- **REQUIRED WORK**
Of the lines in the material below, print only those from the one containing "Optimum Nutrition (ON) Micronized" to the one containing "CDU 697.358 Réf. no : ISO 3150-1975 (F)", ends included, exactly as written and without pictures.

- **DATA EXTRACTS**
______________________________

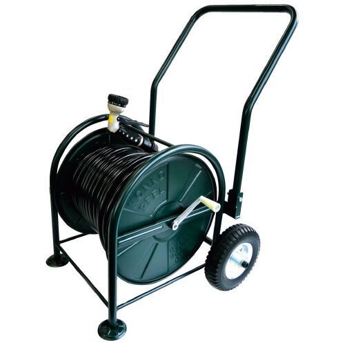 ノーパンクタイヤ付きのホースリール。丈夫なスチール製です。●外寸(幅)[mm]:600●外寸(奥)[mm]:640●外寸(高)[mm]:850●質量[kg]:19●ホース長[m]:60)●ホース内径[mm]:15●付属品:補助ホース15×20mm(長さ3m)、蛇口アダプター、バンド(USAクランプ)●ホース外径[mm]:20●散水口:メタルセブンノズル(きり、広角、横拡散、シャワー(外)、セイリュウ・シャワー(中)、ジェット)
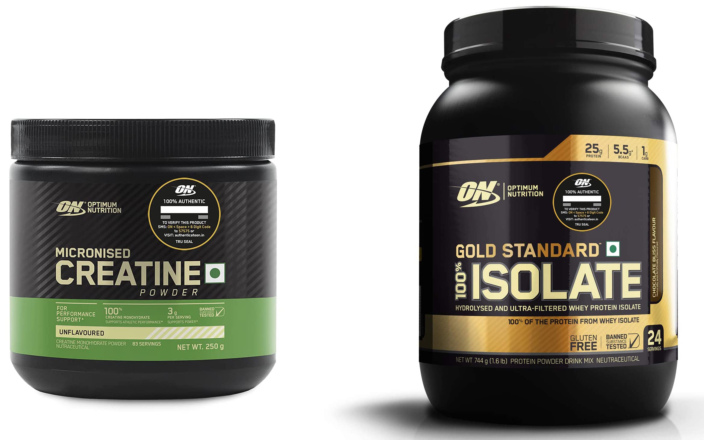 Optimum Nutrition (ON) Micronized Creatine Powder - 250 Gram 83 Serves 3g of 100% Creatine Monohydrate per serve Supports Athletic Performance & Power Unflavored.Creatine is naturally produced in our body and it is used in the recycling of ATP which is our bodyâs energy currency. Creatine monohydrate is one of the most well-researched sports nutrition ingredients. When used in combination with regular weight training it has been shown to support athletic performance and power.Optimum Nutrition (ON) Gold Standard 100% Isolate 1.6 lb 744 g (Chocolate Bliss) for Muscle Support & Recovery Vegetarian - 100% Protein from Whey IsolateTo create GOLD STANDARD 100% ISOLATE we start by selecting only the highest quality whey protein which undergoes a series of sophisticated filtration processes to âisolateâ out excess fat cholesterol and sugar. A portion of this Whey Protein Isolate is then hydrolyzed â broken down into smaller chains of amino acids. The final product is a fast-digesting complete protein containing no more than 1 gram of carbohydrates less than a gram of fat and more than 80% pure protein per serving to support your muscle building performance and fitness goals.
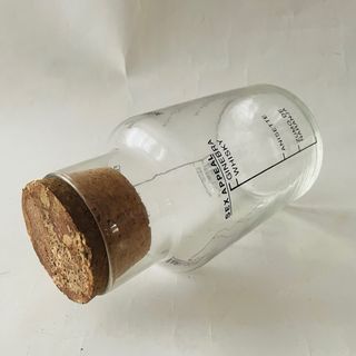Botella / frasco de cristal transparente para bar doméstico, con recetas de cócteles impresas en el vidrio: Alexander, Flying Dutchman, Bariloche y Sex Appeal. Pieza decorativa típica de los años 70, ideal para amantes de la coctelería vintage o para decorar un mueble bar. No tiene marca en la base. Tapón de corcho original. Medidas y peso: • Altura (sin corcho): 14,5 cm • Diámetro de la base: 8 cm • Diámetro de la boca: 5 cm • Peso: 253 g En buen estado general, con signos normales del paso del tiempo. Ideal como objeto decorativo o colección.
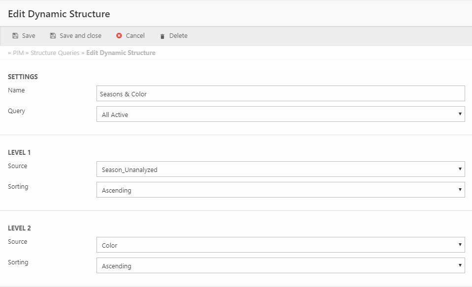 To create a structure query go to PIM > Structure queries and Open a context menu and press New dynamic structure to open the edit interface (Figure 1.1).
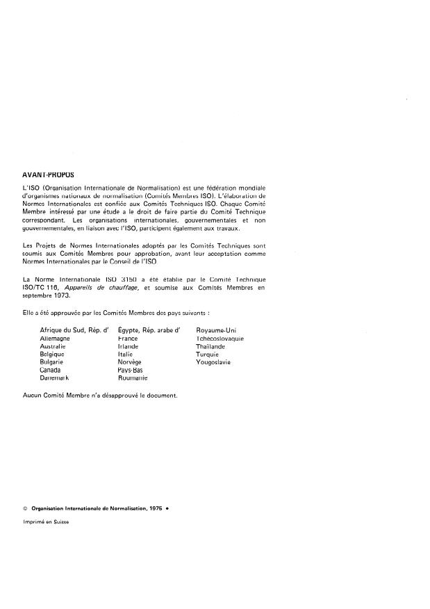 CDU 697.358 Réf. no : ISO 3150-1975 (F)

______________________________

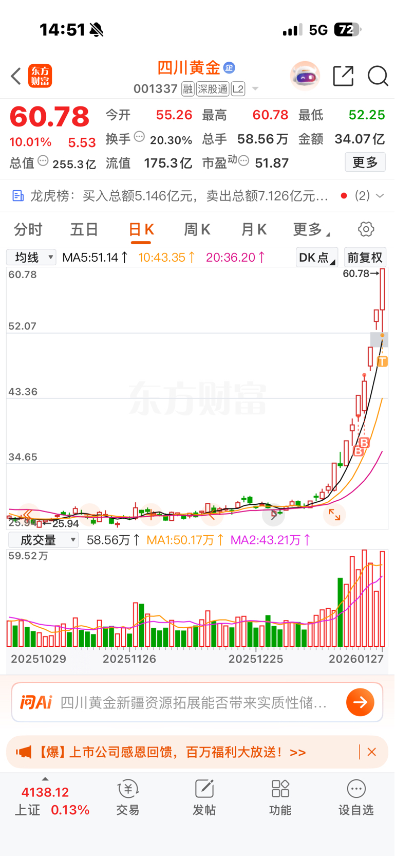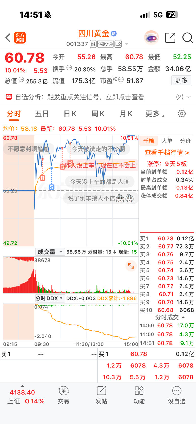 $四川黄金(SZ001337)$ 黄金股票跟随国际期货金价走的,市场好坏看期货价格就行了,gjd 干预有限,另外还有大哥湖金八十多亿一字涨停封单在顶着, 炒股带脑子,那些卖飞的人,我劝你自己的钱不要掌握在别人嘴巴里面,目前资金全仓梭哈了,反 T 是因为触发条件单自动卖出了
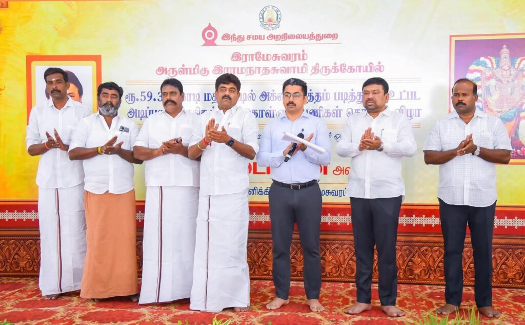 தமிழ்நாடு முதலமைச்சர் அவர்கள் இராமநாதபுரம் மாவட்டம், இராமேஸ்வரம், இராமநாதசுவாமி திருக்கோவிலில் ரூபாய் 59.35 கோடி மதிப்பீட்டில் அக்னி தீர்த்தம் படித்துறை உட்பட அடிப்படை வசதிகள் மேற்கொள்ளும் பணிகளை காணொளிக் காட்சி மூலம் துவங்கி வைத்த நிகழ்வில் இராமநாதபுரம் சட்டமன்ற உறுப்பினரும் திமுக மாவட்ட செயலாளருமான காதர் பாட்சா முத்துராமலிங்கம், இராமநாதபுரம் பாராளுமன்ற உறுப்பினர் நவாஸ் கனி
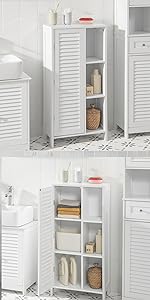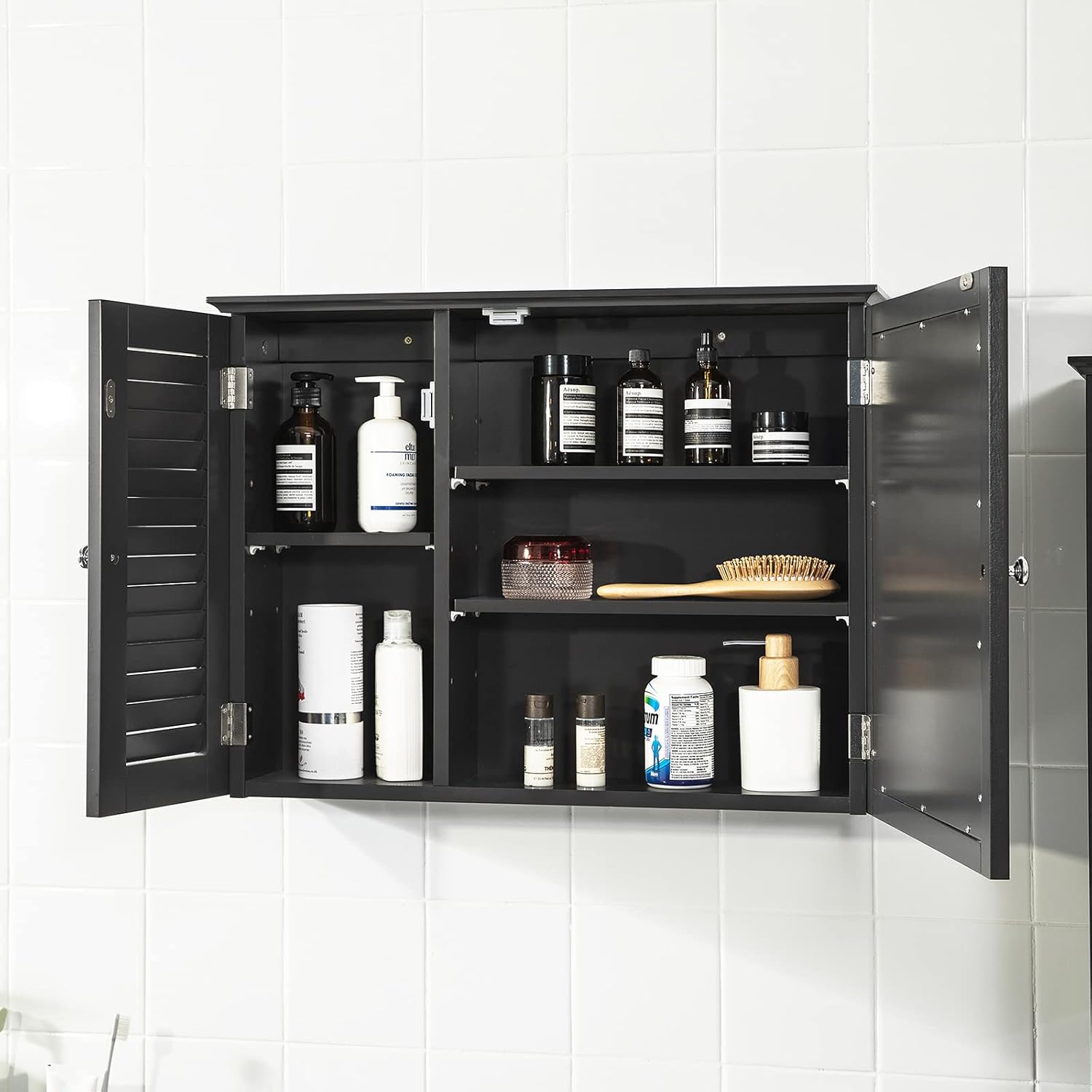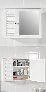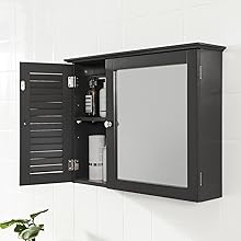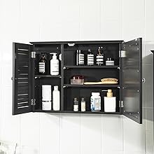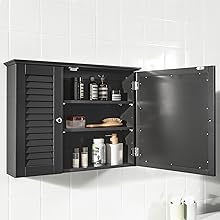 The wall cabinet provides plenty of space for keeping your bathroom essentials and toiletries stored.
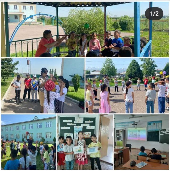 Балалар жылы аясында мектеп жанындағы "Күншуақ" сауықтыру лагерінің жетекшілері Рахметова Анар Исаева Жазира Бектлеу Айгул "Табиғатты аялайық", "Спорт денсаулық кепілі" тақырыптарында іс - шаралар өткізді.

______________________________

- **EXERCISE OUTPUT**
 Optimum Nutrition (ON) Micronized Creatine Powder - 250 Gram 83 Serves 3g of 100% Creatine Monohydrate per serve Supports Athletic Performance & Power Unflavored.Creatine is naturally produced in our body and it is used in the recycling of ATP which is our bodyâs energy currency. Creatine monohydrate is one of the most well-researched sports nutrition ingredients. When used in combination with regular weight training it has been shown to support athletic performance and power.Optimum Nutrition (ON) Gold Standard 100% Isolate 1.6 lb 744 g (Chocolate Bliss) for Muscle Support & Recovery Vegetarian - 100% Protein from Whey IsolateTo create GOLD STANDARD 100% ISOLATE we start by selecting only the highest quality whey protein which undergoes a series of sophisticated filtration processes to âisolateâ out excess fat cholesterol and sugar. A portion of this Whey Protein Isolate is then hydrolyzed â broken down into smaller chains of amino acids. The final product is a fast-digesting complete protein containing no more than 1 gram of carbohydrates less than a gram of fat and more than 80% pure protein per serving to support your muscle building performance and fitness goals.
Botella / frasco de cristal transparente para bar doméstico, con recetas de cócteles impresas en el vidrio: Alexander, Flying Dutchman, Bariloche y Sex Appeal. Pieza decorativa típica de los años 70, ideal para amantes de la coctelería vintage o para decorar un mueble bar. No tiene marca en la base. Tapón de corcho original. Medidas y peso: • Altura (sin corcho): 14,5 cm • Diámetro de la base: 8 cm • Diámetro de la boca: 5 cm • Peso: 253 g En buen estado general, con signos normales del paso del tiempo. Ideal como objeto decorativo o colección.
 To create a structure query go to PIM > Structure queries and Open a context menu and press New dynamic structure to open the edit interface (Figure 1.1).
 CDU 697.358 Réf. no : ISO 3150-1975 (F)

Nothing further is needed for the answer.